I have a non-linear equation:
x'' + kx(1+ax^2)+bx' = A*sin(wt)
that I already transformed into the following system
x' = y
y' = -kx(1+ax^2) - by + A*sin(wt)
Now I have to obtain the transfer function, so I suppose the only way
to do it is to first linearize (approximating) the second equation. Do
I have to use Taylor series to linearize around the zero (which I
calculated to be (0,0))? If so, how?
The equations of motion are nonlinear. I'm not sure a transfer function
makes sense. That's usually only for the linear systems. You might get
an approximate transfer function by linearizing especially if the
parameter 'a' is small.
Quote: My attempt was to posticipate the "linearizing": I let a particular
solution to be H*sin(w1t) (where w1 <> w),
then I substitute it in the main equation (the first that I wrote), but
I have a term
ka*H^3*(sin(w1t))^3
that blocks me from calculating H as a function of the other terms. I
guess I have to linearize that term,
but now what is the sense in linearizing around the zero??

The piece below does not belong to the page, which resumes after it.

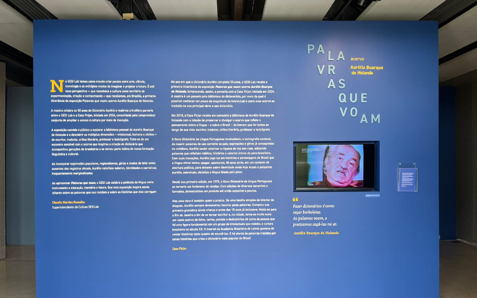 Expografia para itinerância da exposição da Casa Firjan, Palavras que Voam: Acervo Aurélio Buarque de Holanda para o SESI Lab. Brasília, DF, de 2025 à 2026.

Yes, that's the nonlinearity showing itself. That's the problem. I
think you are stuck with the case 'a' << 1. That might give results
that are good for short times. I think the above equation might better
be solved by other methods. Given that it's 2D there may be closed-form
solutions for it. It looks similar to a Van der Pol type, except
driven. You need to start searching the literature and, probably, the
web (Google Scholar, for example).
Perhaps someone in this group will recognize the equation.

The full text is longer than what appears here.